Fred Børre Lundberg (born 25 December 1969 in Hammerfest and raised in Bardufoss) is a former Nordic combined skier from Bardu, Norway. He dominated the sport in the 1990s, winning both at the FIS Nordic World Ski Championships and at the Winter Olympics.
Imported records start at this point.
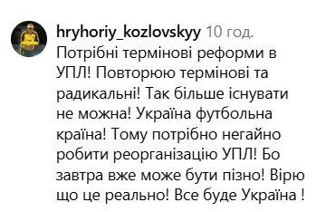 "Потрібні термінові реформи в УПЛ! Повторюю – термінові та радикальні! Так більше існувати не можна! Україна – футбольна країна! Тому потрібно негайно робити реорганізацію УПЛ! Бо завтра вже може бути пізно! Вірю, що це реально! Все буде Україна!" – написав Козловський у коментарях під публікацією Брутального футболу.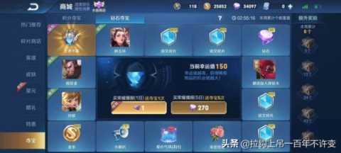 钻石夺宝可以抽取很多比较有用的东西,甚至英雄。关键是在满夺宝次数之后,还可以获得一个王者水晶,在王者水晶商店里可以兑换一些特定的英雄、皮肤以及回城特效等等。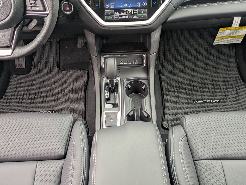 14 Speakers, 3rd row seats: bench, 4-Wheel Disc Brakes, ABS brakes, Air Conditioning, Alloy wheels, AM/FM radio: SiriusXM with 360L, Apple CarPlay & Android Auto, Auto High-beam Headlights, Auto-Dimming Exterior Mirror with Approach Light, Auto-dimming Rear-View mirror, Automatic temperature control, Brake assist, Bumpers: body-color, Cargo Tray, Compass, Delay-off headlights, Driver door bin, Driver vanity mirror, Dual front impact airbags, Dual front side impact airbags, Electronic Stability Control, Emergency communication system: MySubaru Companion (5-years free), Exterior Parking Camera Rear, Four wheel independent suspension, Front anti-roll bar, Front Bucket Seats, Front Center Armrest, Front dual zone A/C, Front fog lights, Front reading lights, Fully automatic headlights, Garage door transmitter: HomeLink, harman/kardon® Speakers, Heated door mirrors, Heated Front Bucket Seats, Heated front seats, Heated rear seats, Heated steering wheel, Illuminated entry, Knee airbag, Leather Shift Knob, Leather steering wheel, LED Cargo Area Lighting, LED Upgrade, Low tire pressure warning, Memory seat, Navigation system: MySubaru Navigator (1-year trial), Occupant sensing airbag, Outside temperature display, Overhead airbag, Overhead console, Panic alarm, Passenger door bin, Passenger vanity mirror, Perforated Leather-Trimmed Upholstery, Power door mirrors, Power driver seat, Power Liftgate, Power moonroof, Power passenger seat, Power steering, Power windows, Radio data system, Radio: Subaru 11.6 Multimedia System with Navigation, Rear air conditioning, Rear anti-roll bar, Rear reading lights, Rear window defroster, Rear window wiper, Reclining 3rd row seat, Remote keyless entry, Security system, Speed control, Speed-sensing steering, Split folding rear seat, Spoiler, Standard Model, Steering wheel mounted audio controls, Tachometer, Telescoping steering wheel, Tilt steering wheel, Traction control, Trip computer, Turn signal indicator mirrors, Variably intermittent wipers, Wheels: 20 x 7.5 J Dark Gray Alloy with Machine Finish.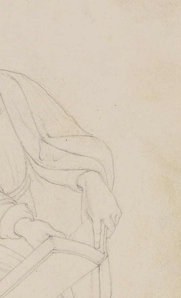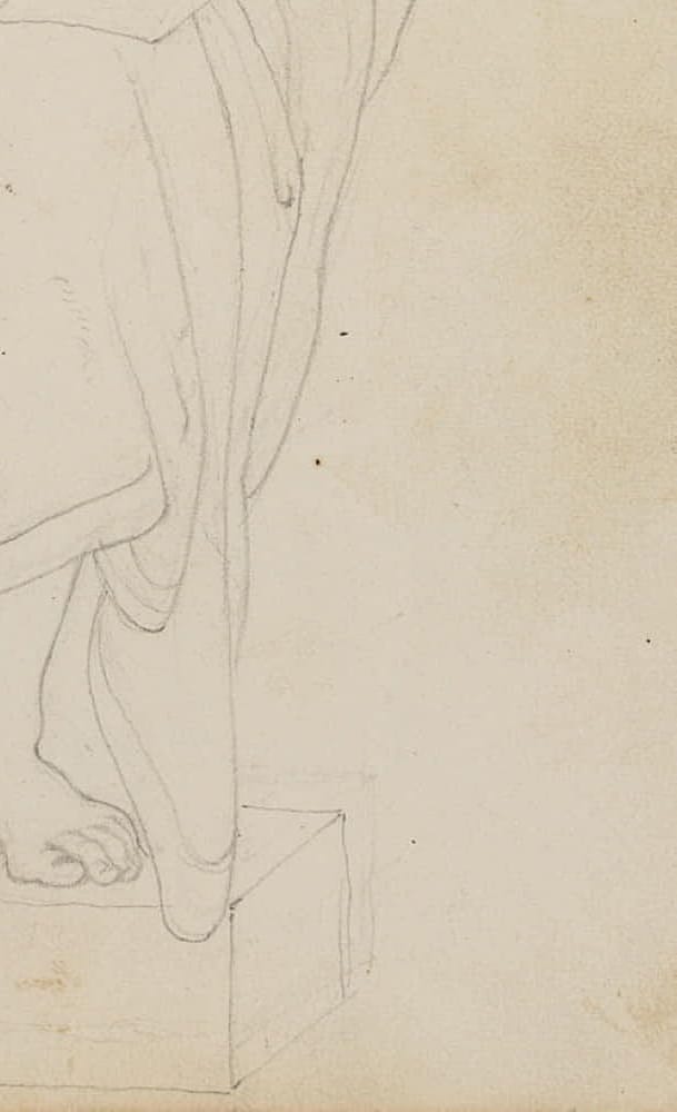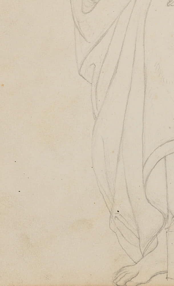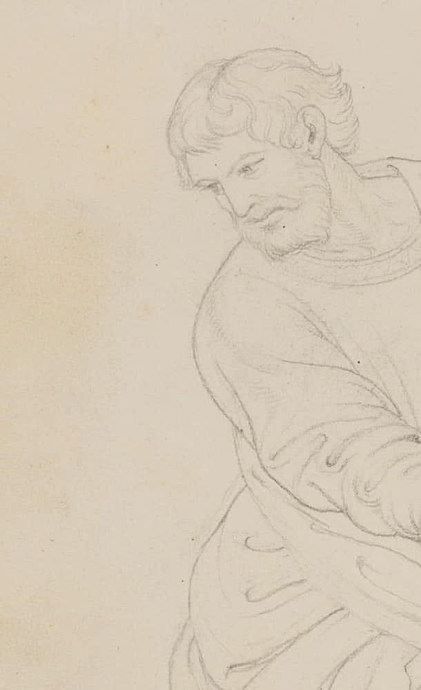 - Description: Sketch or figure and costume study for a history painting in the style of the German late Romanticism or the Nazarenes. Showing a standing figure in wrinkled antique garment, pointing with a firm gesture to an open book. On the reverse side there is a portrait study of an Italian-looking lady, sketched quickly and with few strokes. The sheet comes from a sketchbook by an anonymous artist from the circle of the famous history painter Moritz von Schwind (1804 Vienna – 1871 Niederpöcking), who is one of the most important painters of the German late Romantic period. As in Schwind’s works, the sketchbook contains numerous depictions of history scenes or illustrations of fairy tales and legends as well as religious themes.

Lundberg won six medals at the Nordic skiing world championships, including three golds (15 km individual: 1991, 1995; 4 x 5 km team: 1997) and three silvers (3 x 10 km team: 1993, 4 x 5 km team: 1995, and 1999). At the Winter Olympics, he won four medals, including two golds (15 km individual: 1994, 4 x 5 km team 1998) and two silvers (3 x 10 km team: 1992, 1994).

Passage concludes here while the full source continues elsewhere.